The hourly billing model has fundamental flaws: it penalises efficiency (a faster, more experienced fee-earner earns less than a slower one for the same work), it creates incentives for clients to minimise time rather than maximise value, and it commoditises professional expertise into units of time. The alternative — fixed fees, value-based pricing, or subscription retainers — resolves all three problems. A corporate solicitor who handles a £5m acquisition for a fixed fee of £45,000 captures the value of the transaction, not the hours worked. A management consultant who delivers a defined project scope for a fixed fee aligns their incentives with efficiency.
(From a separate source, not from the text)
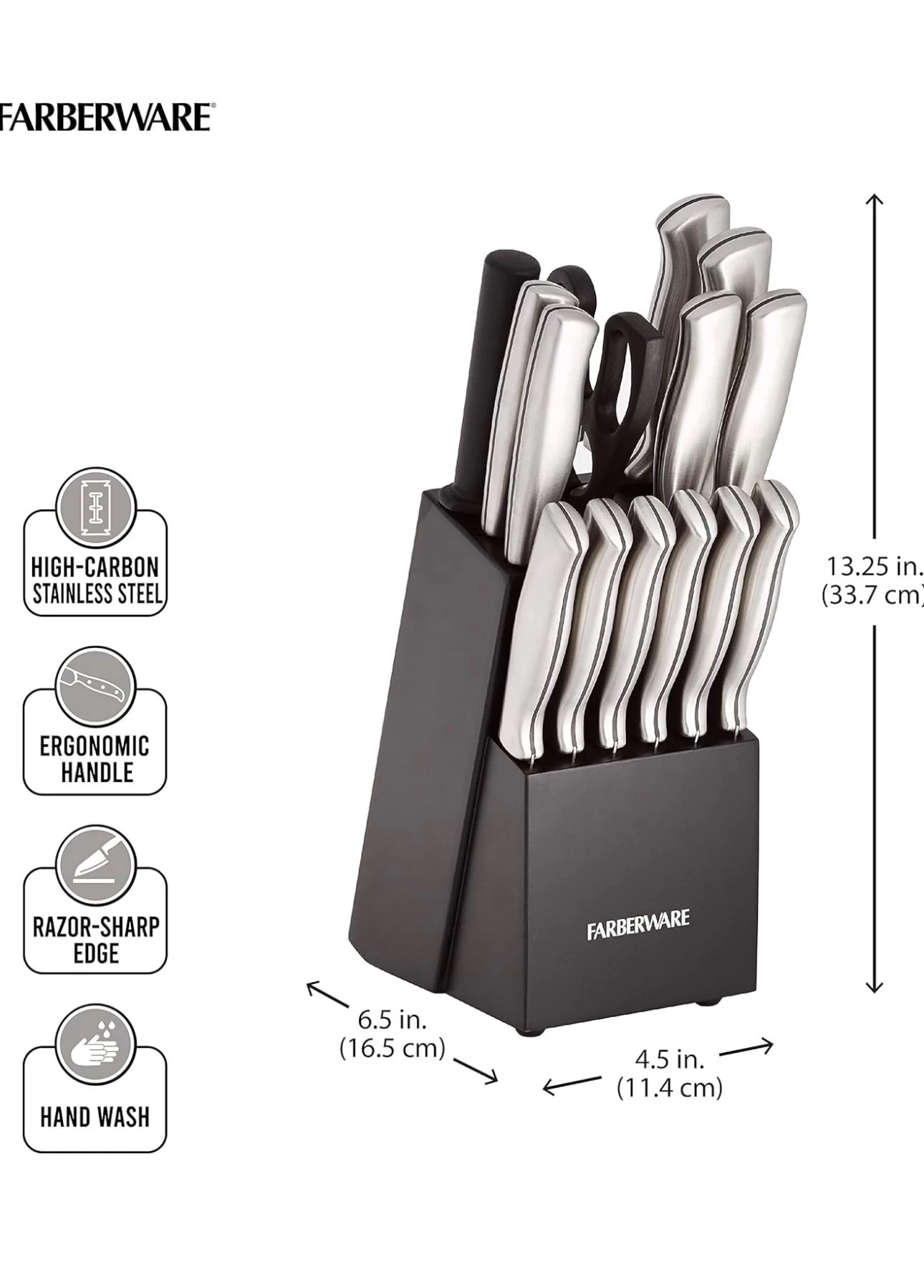 - EASY CARE: Farberware knives should be hand-washed with warm water and a mild detergent. Rinse and dry immediately. Stainless steel knives are not dishwasher safe. Lifetime limited warranty.

Transitioning to fixed fees requires more precise scoping upfront but typically increases realised revenue per matter.

Client concentration risk: the danger of too few clients#

Many professional services firms have a small number of large clients that represent a disproportionate percentage of revenue. A firm where one client represents more than 20% of total revenue has significant concentration risk — if that client leaves, restructures, or is acquired, the firm faces an immediate revenue crisis. Monitor your client revenue concentration monthly. If any single client exceeds 15% of revenue, actively develop other clients to diversify. This does not mean abandoning the large client — it means building a more resilient revenue base around it.

People also ask

What is a good utilisation rate for a professional services firm?
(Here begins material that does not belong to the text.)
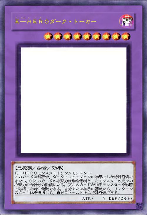 | E―HEROモンスター+リンクモンスター このカードは超融合、ダーク・フュージョンの効果でしか特殊召喚できない。①このカードの攻撃力は融合素材としたモンスターの元々の攻撃力の合計分の数値になる。②このカードが相手モンスターを戦闘で破壊した時に発動できる。自分または相手の墓地から、リンクモンスター1体を選択して、自分フィールド上に特殊召喚できる。 | |||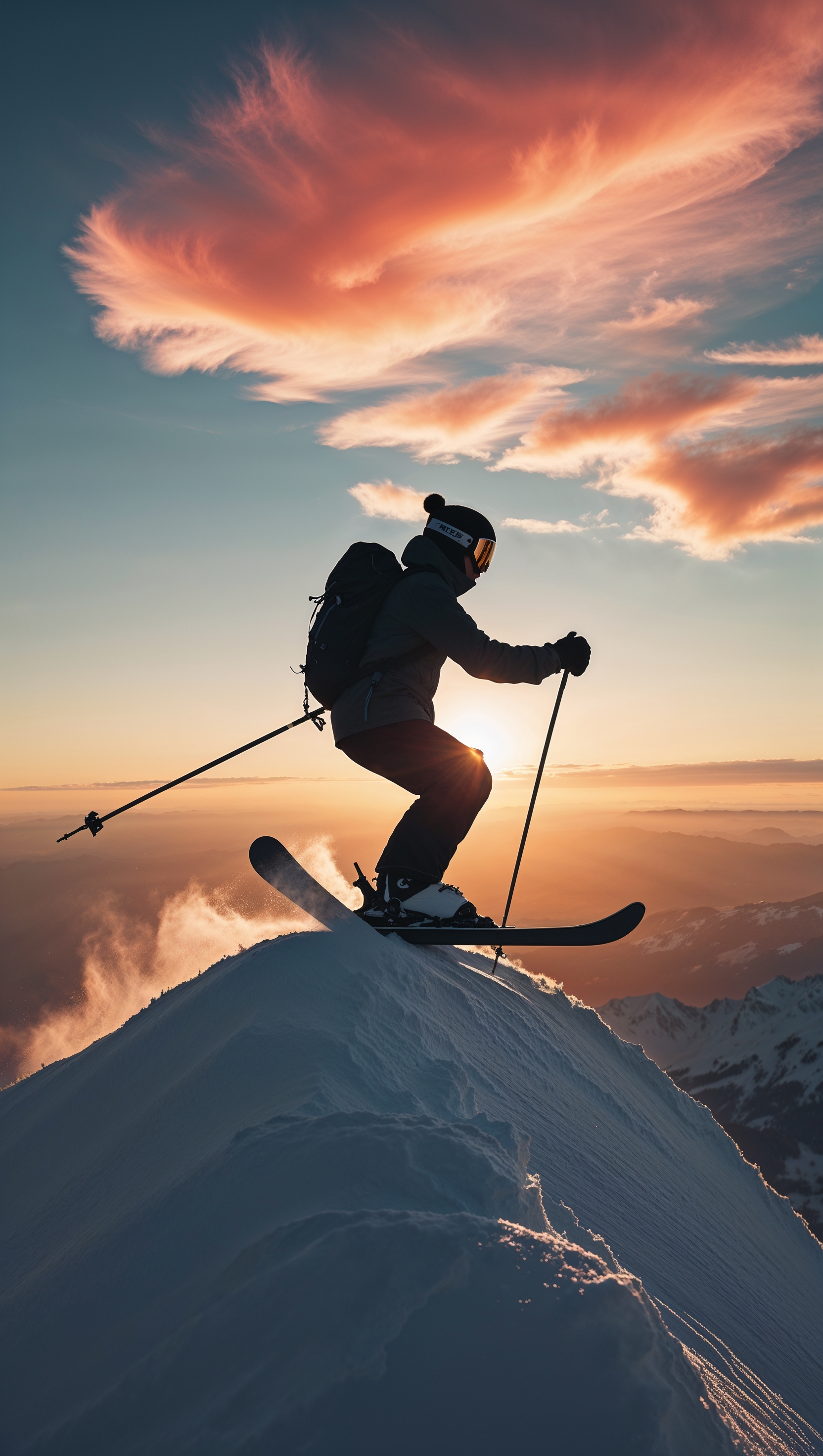1664x2944 A silhouette of a skier during golden hour, warm tones, iPhone wallpaper

Target utilisation rates: fee earners 70–80%, senior partners with significant management roles 55–65%. Overall firm utilisation (weighted average) of 65–75% is healthy. Below 60% suggests capacity underuse or excessive non-billable activity; above 80% risks fee earner burnout and quality deterioration.

How do I improve debtor days in my professional services firm?

The most effective interventions are: move to online payment links (bank transfer or card) in every invoice; set payment terms at 30 days and send automated reminders at 7 days before and after due; call personally at 7 days overdue rather than relying on email; require advance payments or staged billing for large engagements; and review and tighten credit terms for consistently slow-paying clients.

Should professional services firms use fixed fees or hourly billing?

Fixed fees are increasingly preferred by clients and, when scoped correctly, benefit the firm by rewarding efficiency. Hourly billing works better for unpredictable, open-ended work. The optimal approach for most firms is fixed fees for clearly defined projects and hourly rates with caps for advisory and ongoing retainer work.